David Dworin Online

Privatized Military?

March 8, 2007 12:15 am

From the dumbest column I’ve ever read in Slate (which I normally read before anything else):

Suppose the national defense of the United States were relegated to the private sector. Instead of the publicly funded Army, Navy, Air Force, and Marines, the country would be defended by private militias funded mainly by insurance companies. In the event of foreign attack on U.S. soil, the militias would defend those citizens in the affected areas who’d paid defense insurance premiums through their places of work (or, if self-employed, as individuals).

The best-armed troops would defend the wealthiest and most hawkish segments of the population, who would have paid the highest premiums.

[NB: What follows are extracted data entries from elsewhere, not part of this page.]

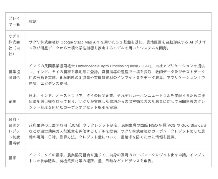 本事業は、我が国が化学肥料の多くを輸入に依存している状況下で、他国の輸出規制やロシア-ウクライナ情勢による世界的な化学肥料価額高騰に伴い、調達コストが増加しつつあることを背景にしています。そのような状況下においても、我が国が掲げる温室効果ガス削減目標を達成するため、脱炭素社会の実現に資する迅速な技術輸出や、排出取引に向けた関係構築を行う必要があります。本事業においては、サグリ株式会社は衛星データと機械学習を用いた農地自動区画化及び土壌中の窒素量を評価し、農地での最適な施肥設計によるN2O(亜酸化窒素)の排出量を削減します。そして、民間主導で、削減量評価、カーボンクレジット化を実施します。具体的には、インド・タイの圃場において、化学肥料を削減し、削減した分の肥料に応じた温室効果ガス削減量を算定し、それらの温室効果ガス削減量をカーボンオフセット取引に資するデータであるかどうかを、民間主導のクレジット制度に基づいて評価します。評価に基づき、農業由来の温室効果額削減量データがインド・タイ・オーストラリア・日本の各国企業にとってカーボンオフセット取引になりえるかを確認します。
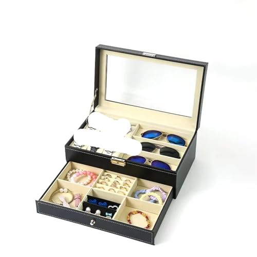 QAZWZG Boîte de 6 Montres et 3 Lunettes Soleil avec présentoir à Bijoux, Organisateur Double Couche for Hommes Femmes pour Rangement(Black)
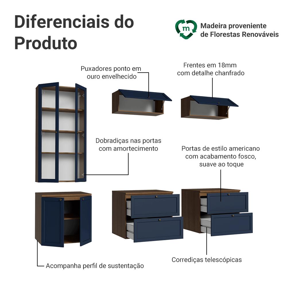 A nova estante da Linha Vik Madesa é a escolha ideal para quem deseja um móvel completo que combine estilo, funcionalidade e aproveitamento inteligente do espaço.O conjunto é composto por gavetas e armários amplos, um armário com portas de vidro, que pode ser usado como cristaleira ou livreiro. Essa combinação permite acomodar uma TV, organizar livros, louças e itens decorativos com facilidade. O acabamento da estrutura é no tom amadeirado Rustic e das frentes em Azul, possui alta resistência, trazendo um visual sofisticado e textura suave ao toque.A Linha Vik se destaca pelos detalhes que fazem toda a diferença: portas com molduras inspiradas no estilo americano, puxadores ponto em ouro envelhecido, dobradiças com amortecimento e gavetas com corrediças que permitem abertura total. Além disso, as portas basculantes possuem um sistema de pistão a gás, permanecem suspensas quando abertas, proporcionando mais segurança. Um móvel completo, que combina elegância e funcionalidade para valorizar cada detalhe da sua casa.O que você recebe:- Um Balcão com duas portas- Dois Balcões com duas gavetas em cada- Dois Armários Aéreos com porta basculante- Um Armário com duas portas de vidro- Manual de montagem e ferragensMedidas totais:- 225cm de altura- 230cm de largura- 52cm de profundidade nos balcões e 31cm nos aéreos e cristaleiraCódigo do produto: MDES060001M1É importante saber:- Material: MDP- Imagens meramente ilustrativas, a decoração não acompanha o produto.- A Madesa não disponibiliza serviço de montagemA Madesa se dedica à sustentabilidade com várias iniciativas: temos uma usina própria que gera energia para uma das fábricas. Priorizamos fornecedores responsáveis com o meio ambiente. Todo o plástico utilizado na produção é reciclado, e as sobras também são reaproveitadas. Investimos no desenvolvimento de nossos colaboradores e em ações que beneficiem a comunidade.
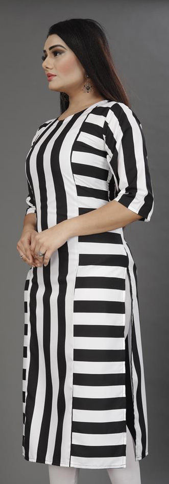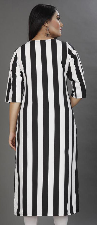 Black and Grey, White and Off White color Kurti in Crepe Silk fabric with Printed work
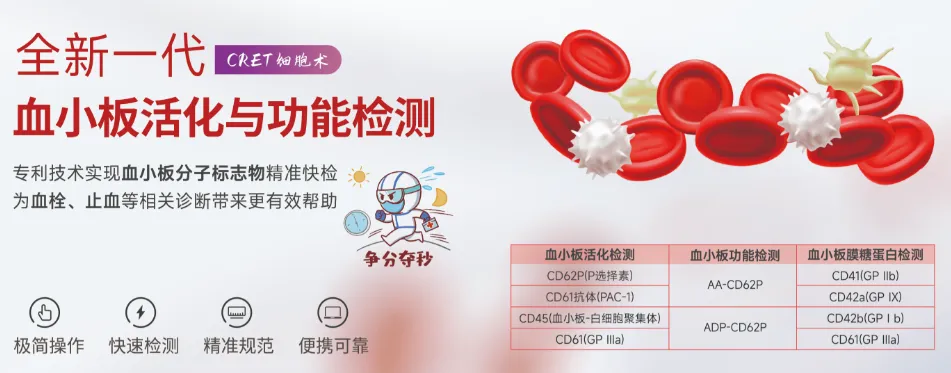 依托CRET技术,企业在POCT平台实现血小板活化功能检测,可在5分钟内完成血小板活化标志物(CD62P、CD61)检测,且检测结果不受血小板浓度影响,有效解决传统流式检测标准化难度大、操作流程复杂等问题。
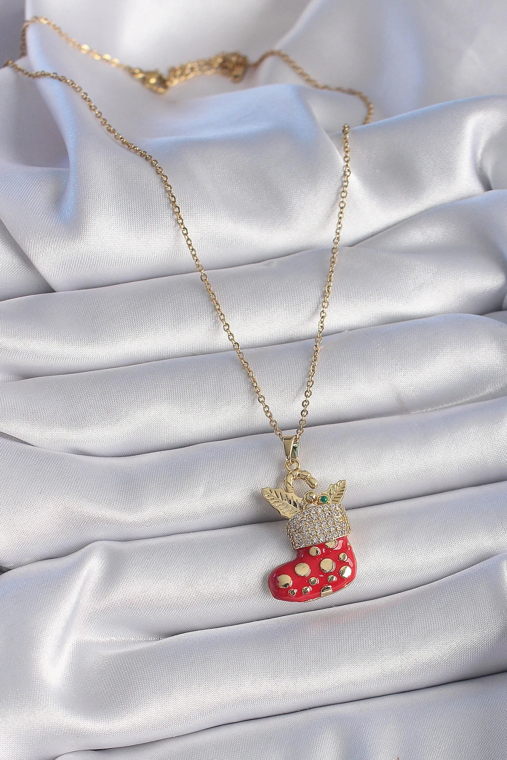 316L Çelik Gold Renk Zincir Zirkon Taşlı Kırmızı Yılbaşı Çorabı Figür Yaprak Detay Kadın Kolye - TJ-BKO9440
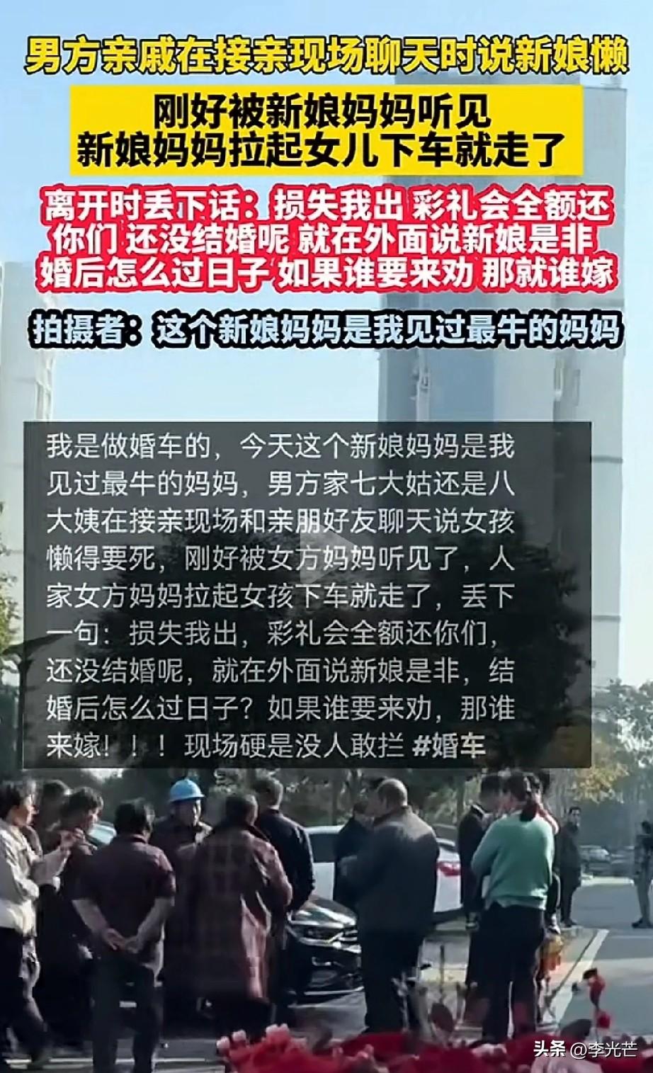 一位婚车司机说拉完新娘进酒店,仪式还没开始举行,新娘就被妈妈拉走了,男方亲戚稀稀拉拉一大堆劝都劝不住。新娘妈妈一句话,彩礼全退,酒店的酒席损失我出,谁想要来劝,就嫁自己闺女,现场愣是一个没敢拦! 有知情人说,本来气氛还是好好,婚车也顺利的从新娘家接到新娘,赶往酒店举行仪式。谁知道新娘换衣服的时候,男方等待的七大姑八大姨开始蝈蝈。 议论女孩之前在婆家怎么不干活,懒的要死,娶了也是受罪的,以后婆婆还不知道怎么伺候。 男方亲戚也没认出旁边的是新娘妈妈,一个劲的挑剔新娘,说的一无是处。 本来嫁女儿的时候心情就比较复杂,再加上听男方亲戚如此诋毁,知道婆家人在亲戚面前没说好话。 新娘妈妈也觉得,婆家人根本不重视女儿,婚还没结已经被说的一无是处,以后在婆家的日子更不会好过。 于是一气之下,拉起女儿下车就走了,并放言虽然是结婚的日子,也顾不得脸面,没结婚都敢这么说是非,以后还怎么过日子,谁劝也不嫁了! 有人赞扬妈妈,是最牛的妈妈,在那么多人的场合,妈妈抛弃了面子、尊严,只为了保护女儿。 也有人觉得太小题大做,都已经到了结婚现场,忍一忍也就过去了,只要男方家人对女儿好就行,不至于弄成这样,搞得亲朋好友都很难堪。
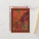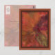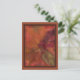Una colorida disposición de hojas y bayas otoñales sobre un suelo de yeso rojo llena la parte delantera de esta postal. En diferentes tonos amarillos, naranjas, violetas, rojos y verdes, esta imagen de bonito tiene una calidad suave y nebulosa que da el efecto de mirar a través del vidrio empañado. La imagen tiene un borde biselado y está rodeada por un borde violeta profundo y un borde naranja más amplio quemado fuera de él. La parte posterior de la tarjeta está llena de una versión más ligera y sutil de la misma disposición de la hoja. De mi imagen original creada digitalmente. com
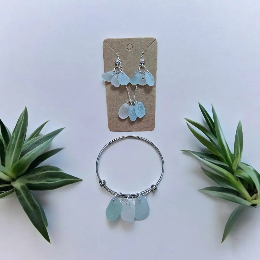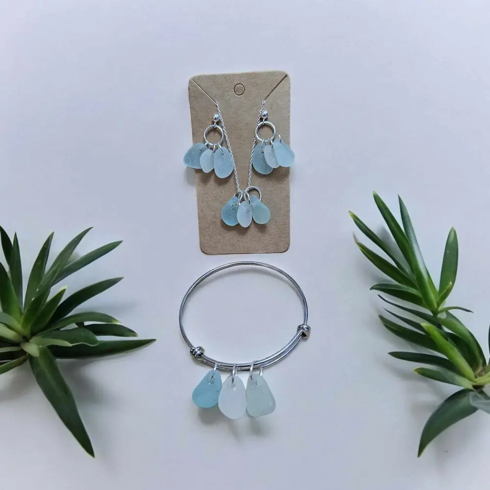 The set includes a matching necklace, earrings and bangle, offering a complete ensemble to adorn your style. Enhanced with an 18″ adjustable 925 Silver chain, this set exudes elegance and sophistication, perfect for any occasion. Silver butterfly back earrings and an adjustable stainless steel bangle. Discover the allure of the ocean with our handcrafted Seaglass treasures.
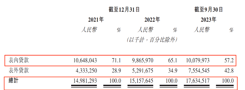 「创业最前线」注意到,作为一个小额贷款公司,中和农信的表内贷款占比却在急剧下滑。2021年至2023年前9月,公司在贷余额分别为150亿元、152亿元及176亿元。其中,71.1%、65.1%及57.2%为表内贷款,由公司拨款。

The premise of the article is that we should nationalize health care because it’s like the military, and look how good a nationalized military is. Wow, lets go through all the ways this is flawed.

  1. National Defense is a public good, health care is not. You may think that health care is a right, or something everyone is entitled to, and those are philosophical positions, but health care doesn’t fit the definition of a public good in the economic sense. First of all, it isn’t non-rival, which means that if I consume some health care, you can’t consume that same amount. If I take a pill, or use a X-Ray machine, you can’t take that same pill or use the machine at the same time. In contrast, an army that protects the United States offers the same amount of protection, whether or not you add more people to it. Second, health care is excludable. I can stop you from taking a pill or getting that X-Ray if you don’t pay for it. But with national defense, if you don’t pay your taxes, the army still protects you. There are fundamental characteristics between them that make them different.
  2. In general, everyone in the country shares the same risk if the country is attacked. Granted, people in high-risk areas may suffer a greater risk due to terrorism, and that is actually reflected most of the time in higher local tax rates to support police counter-terrorism, or insurance premiums for potential targets. In general, though, if there is a large scale attack against the United States or its allies, the risk to all of us is the same. When it comes to health care, we all have different amounts of risk, and only minimal information about that risk. Well planned insurance lets us pool this risk to reduce the cost to individuals and overcome some of this information problem. Nationalized health care has nothing to do with risk pooling, and it effectively involves the health and low-risk subsidizing the unhealthy and high-risk.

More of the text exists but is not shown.